[INPUT DATA — start]
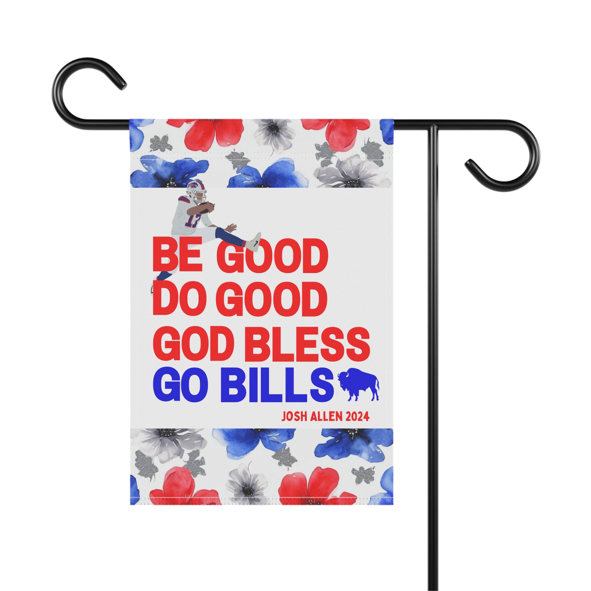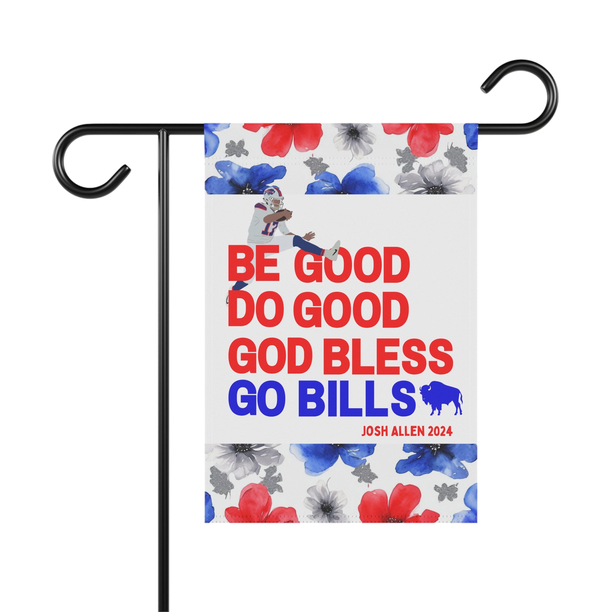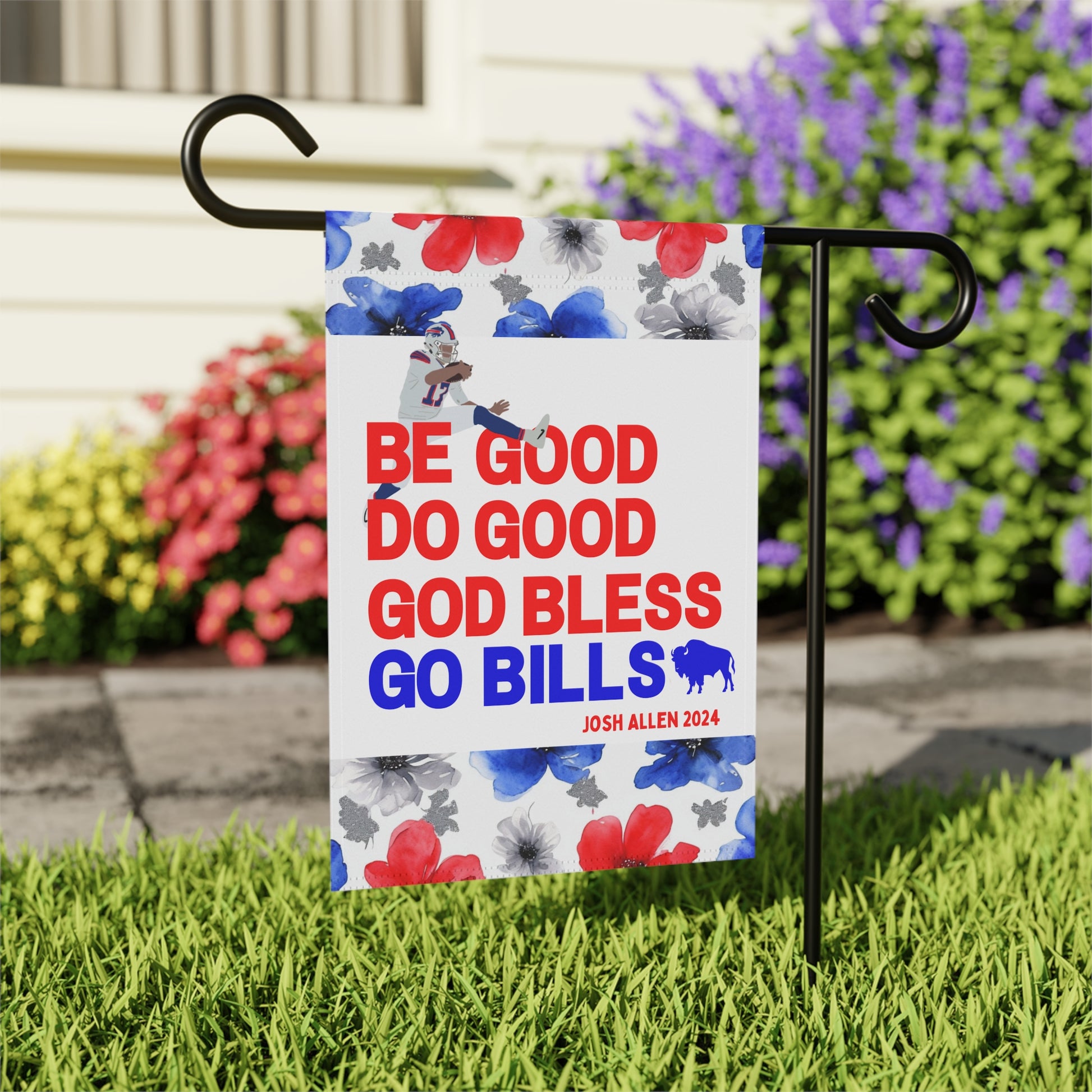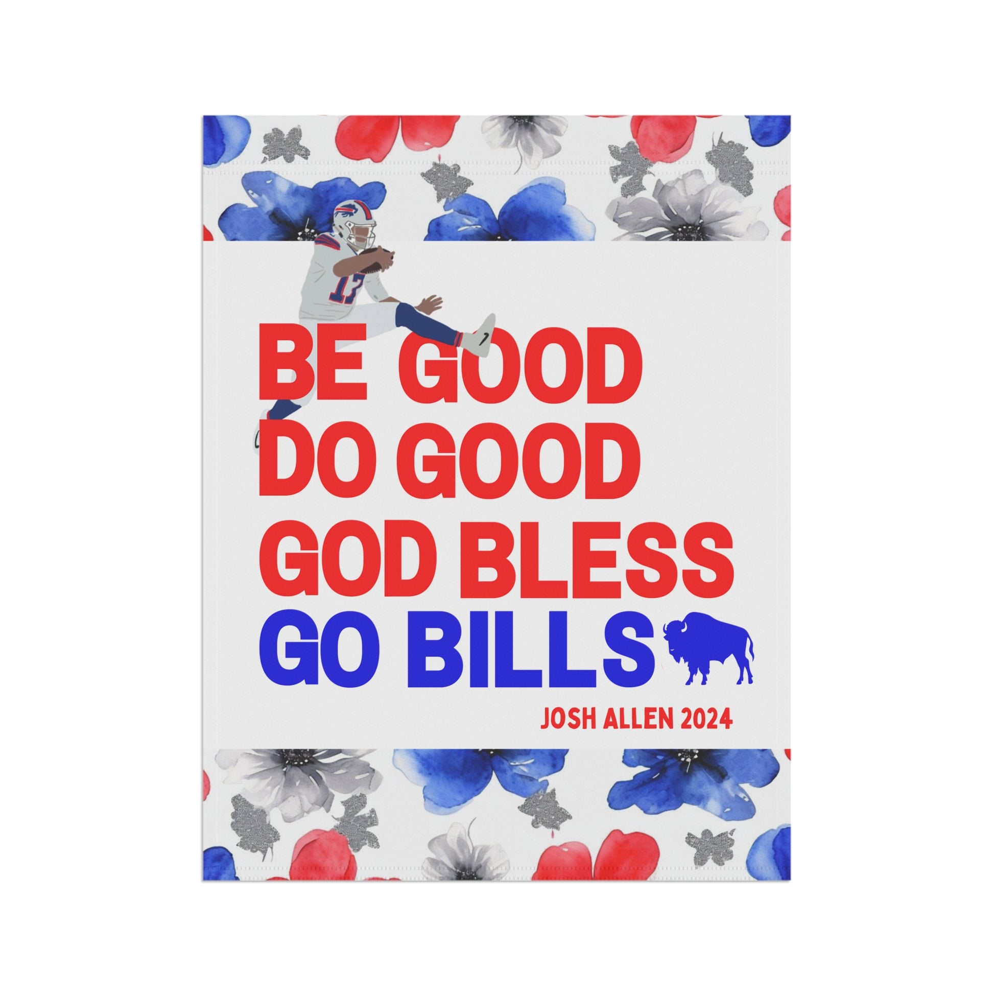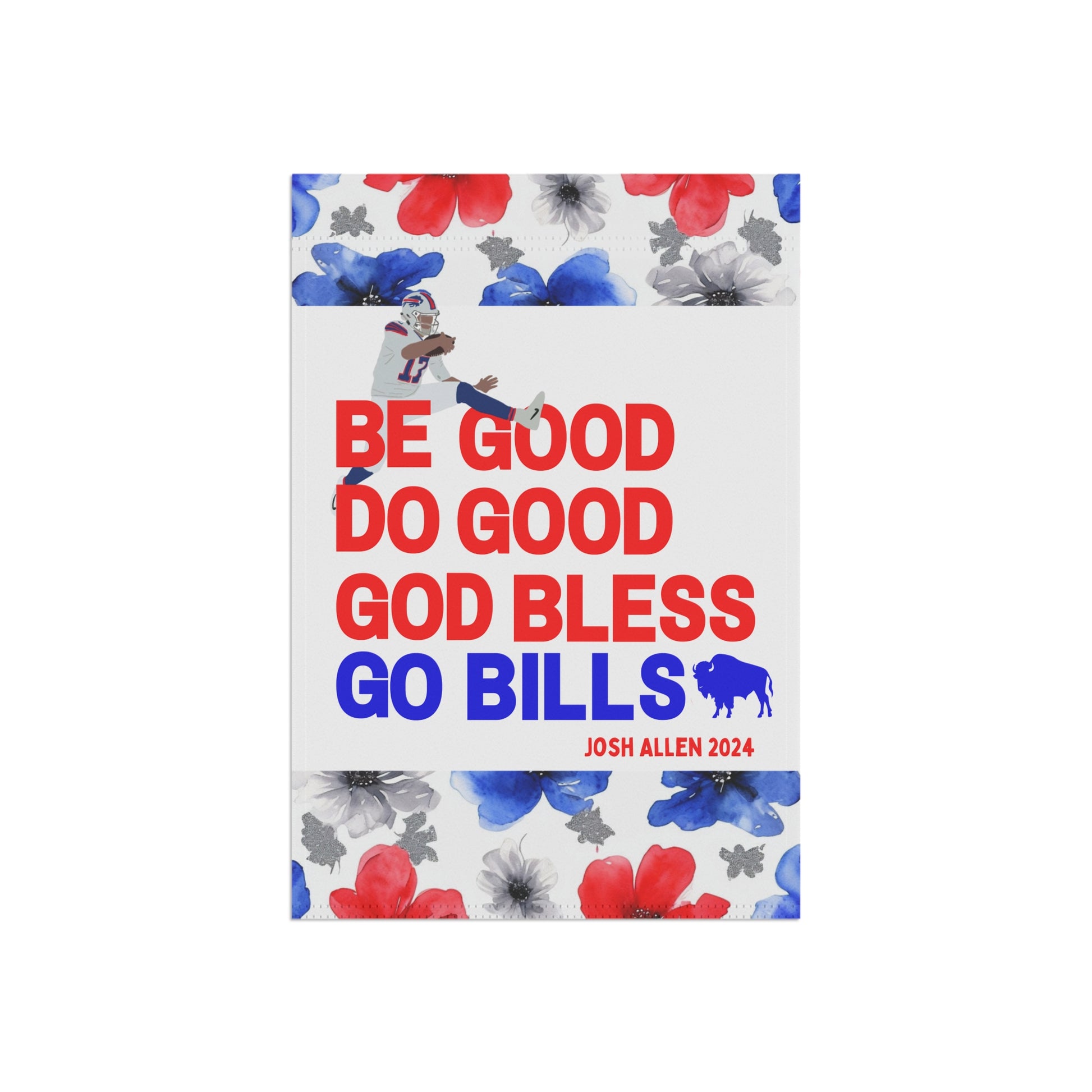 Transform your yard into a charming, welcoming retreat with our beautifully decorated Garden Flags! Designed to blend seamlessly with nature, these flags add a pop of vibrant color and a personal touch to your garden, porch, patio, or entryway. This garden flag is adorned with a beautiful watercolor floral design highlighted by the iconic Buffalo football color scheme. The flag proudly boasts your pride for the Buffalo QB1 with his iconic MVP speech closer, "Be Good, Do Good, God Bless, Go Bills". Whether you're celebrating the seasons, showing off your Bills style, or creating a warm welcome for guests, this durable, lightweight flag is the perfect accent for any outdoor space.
[INPUT DATA — finish]
[INPUT DATA — start]
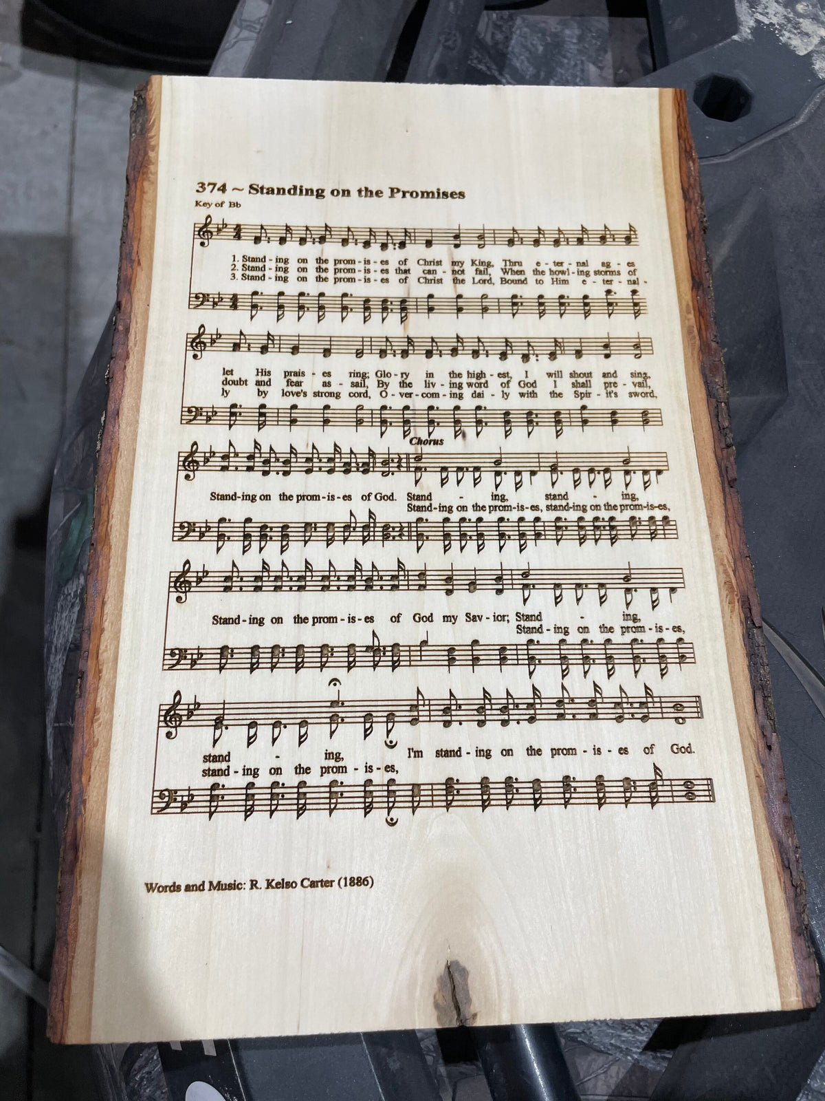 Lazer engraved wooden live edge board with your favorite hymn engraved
[INPUT DATA — finish]
[INPUT DATA — start]
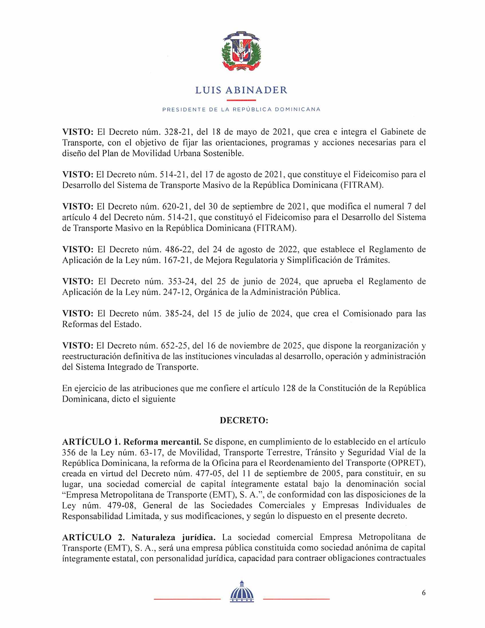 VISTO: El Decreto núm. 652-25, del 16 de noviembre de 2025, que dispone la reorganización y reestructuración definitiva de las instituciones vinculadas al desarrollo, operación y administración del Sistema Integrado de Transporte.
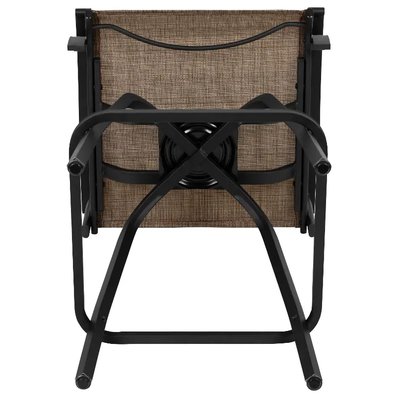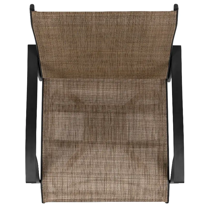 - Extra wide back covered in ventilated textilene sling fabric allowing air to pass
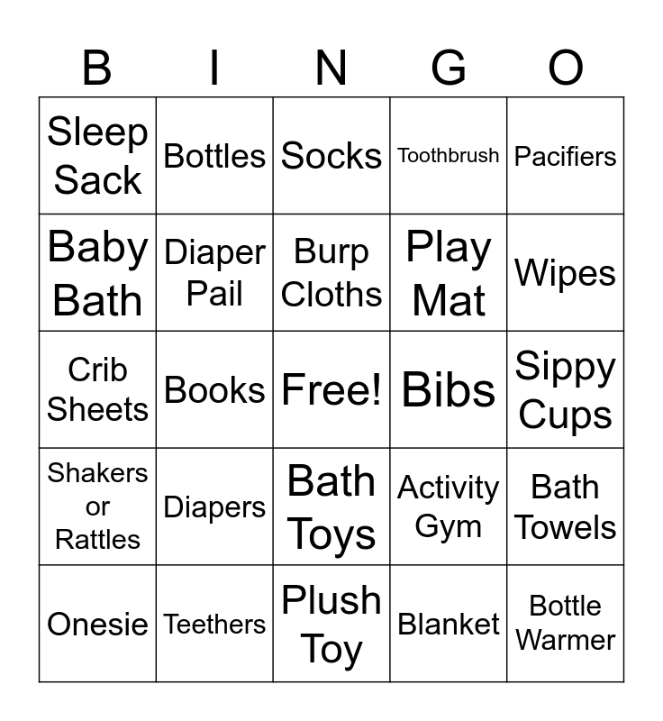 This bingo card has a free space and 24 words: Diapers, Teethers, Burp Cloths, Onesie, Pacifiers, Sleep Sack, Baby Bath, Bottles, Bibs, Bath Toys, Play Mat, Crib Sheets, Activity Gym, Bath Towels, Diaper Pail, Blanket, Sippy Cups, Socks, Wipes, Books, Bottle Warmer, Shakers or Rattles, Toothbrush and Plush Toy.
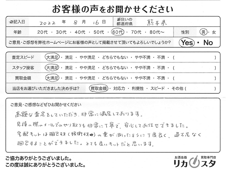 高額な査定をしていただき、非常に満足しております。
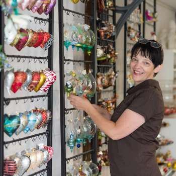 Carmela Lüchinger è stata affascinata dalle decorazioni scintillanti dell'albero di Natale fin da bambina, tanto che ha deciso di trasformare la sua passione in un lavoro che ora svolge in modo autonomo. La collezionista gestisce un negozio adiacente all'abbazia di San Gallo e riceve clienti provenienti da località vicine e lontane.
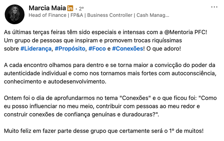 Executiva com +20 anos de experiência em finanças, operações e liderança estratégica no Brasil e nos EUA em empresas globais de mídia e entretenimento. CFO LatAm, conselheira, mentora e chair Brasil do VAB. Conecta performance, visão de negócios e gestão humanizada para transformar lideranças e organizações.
[INPUT DATA — finish]
# WHAT IS REQUIRED
Retype the lines above exactly as they appear, from the line containing "VISTO: El Decreto" through the line containing "Carmela Lüchinger è", and leave out any pictures.

# EXERCISE RESPONSE
 VISTO: El Decreto núm. 652-25, del 16 de noviembre de 2025, que dispone la reorganización y reestructuración definitiva de las instituciones vinculadas al desarrollo, operación y administración del Sistema Integrado de Transporte.
 - Extra wide back covered in ventilated textilene sling fabric allowing air to pass
 This bingo card has a free space and 24 words: Diapers, Teethers, Burp Cloths, Onesie, Pacifiers, Sleep Sack, Baby Bath, Bottles, Bibs, Bath Toys, Play Mat, Crib Sheets, Activity Gym, Bath Towels, Diaper Pail, Blanket, Sippy Cups, Socks, Wipes, Books, Bottle Warmer, Shakers or Rattles, Toothbrush and Plush Toy.
 高額な査定をしていただき、非常に満足しております。
 Carmela Lüchinger è stata affascinata dalle decorazioni scintillanti dell'albero di Natale fin da bambina, tanto che ha deciso di trasformare la sua passione in un lavoro che ora svolge in modo autonomo. La collezionista gestisce un negozio adiacente all'abbazia di San Gallo e riceve clienti provenienti da località vicine e lontane.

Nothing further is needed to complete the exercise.